The North American Farm Alliance has reportedly made several contacts with Jesse L. Jackson, the newly announced black presidential candidate, to seek common ground. Protest organizers admit they have an uphill battle to fight if they expect to influence the 1984 elections.
''It's really building bridges where there have been some very large gaps,'' says Daniel Levitas, research consultant with Rural America, a nonprofit educational and advocacy group in Des Moines, Iowa.
The Iowa Farm Unity Coalition, for example, includes state affiliates of his organization, the National Farmers Organization, the Catholic Rural Life Conference, the United Automobile Workers, among others.
Rural paramilitary groups have tried to latch on to the movement, too, but they are becoming discredited, observers say. Farmers were appalled by the brutal killing of two Minnesota bankers this fall, apparently by a farmer dispossessed of his land. No paramilitary group is known to have been connected with the incident.

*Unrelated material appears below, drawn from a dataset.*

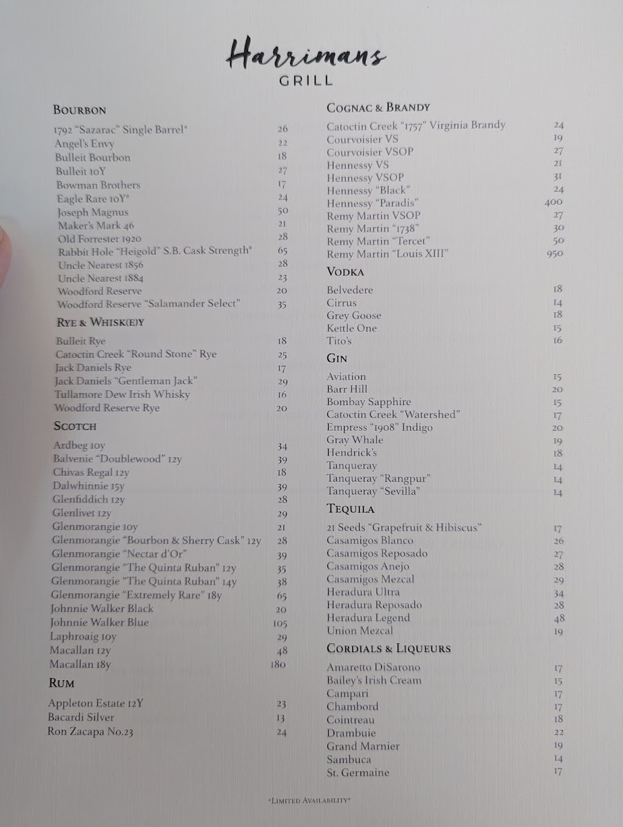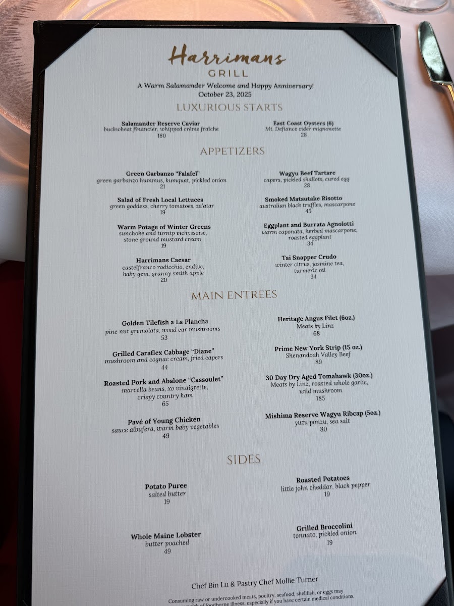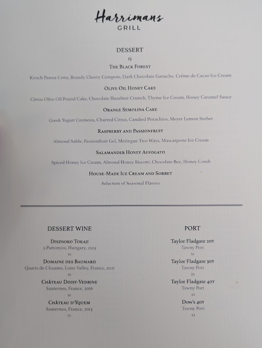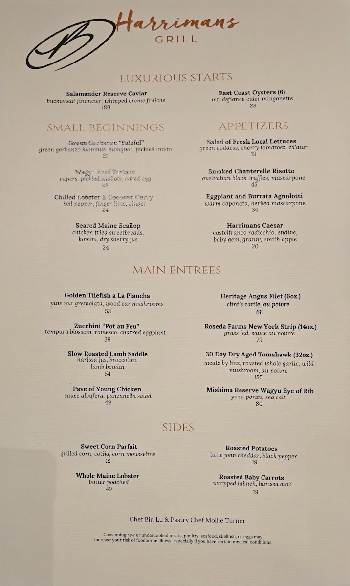From a reviewer’s perspective, the menu at Harrimans Grill feels refined and thoughtfully curated, beginning with the luxurious starters like Salamander Reserve Caviar and East Coast Oysters (6), which set an elegant tone right away. The appetizers continue that impression with creative and high-quality selections such as Green Garbanzo "Falafel", Wagyu Beef Tartare, Salad of Fresh Local Lettuces, Smoked Chanterelle Risotto, and Warm Potage of Winter Greens, each dish sounding seasonal, well-sourced, and carefully prepared. Overall, the menu reads as upscale yet grounded in fresh ingredients and classic techniques, offering a balanced variety of light starters and rich, comforting dishes that would appeal to diners looking for a fine dining experience with a strong focus on flavor and presentation.

The biggest problem may not lie in building coalitions, however, but in organizing the farmers themselves, who have a broad array of interests and tend to be a hardy, independent lot.
Marty Strange, codirector for the Center for Rural Affairs in Nebraska, sees three main groups: well-established farmers content to remain well established; new or marginal farmers hurt by a combination of drought, low farm prices, and high interest rates; and the so-called ''young tigers,'' who borrowed heavily to become big-time farmers during the 1970s, when the US geared up for a food-export boom that never materialized.
The protest movement draws strength from elements of these last two groups, he says. The ''young tigers,'' hurt by falling land prices and jittery lenders, are often the most vocal supporters of government intervention.
''There's a real close call to whether we can afford to bail out that kind of behavior,'' says Mr. Strange, whose organization represents small commercial farmers. His group is specifically urging that farm relief be targeted to family-sized farms, while the other groups talk about general farm relief.
In essence, most protest groups ''want regulation during the hard times, but will they support it in the good times?'' he asks. ''That's a test that farm protest movements have failed in the past.''
In Illinois, for example, protest organizing has been limited, observers say, probably because farmers here generally seem to be better off than in some other states.
''Generally speaking, the worse you're hurt, the louder you yell,'' says Harold Dodd, president of the Illinois Farmers Union in Springfield.
And in this state, as well as in the mainstream of US farmers, there doesn't appear to be too much yelling yet.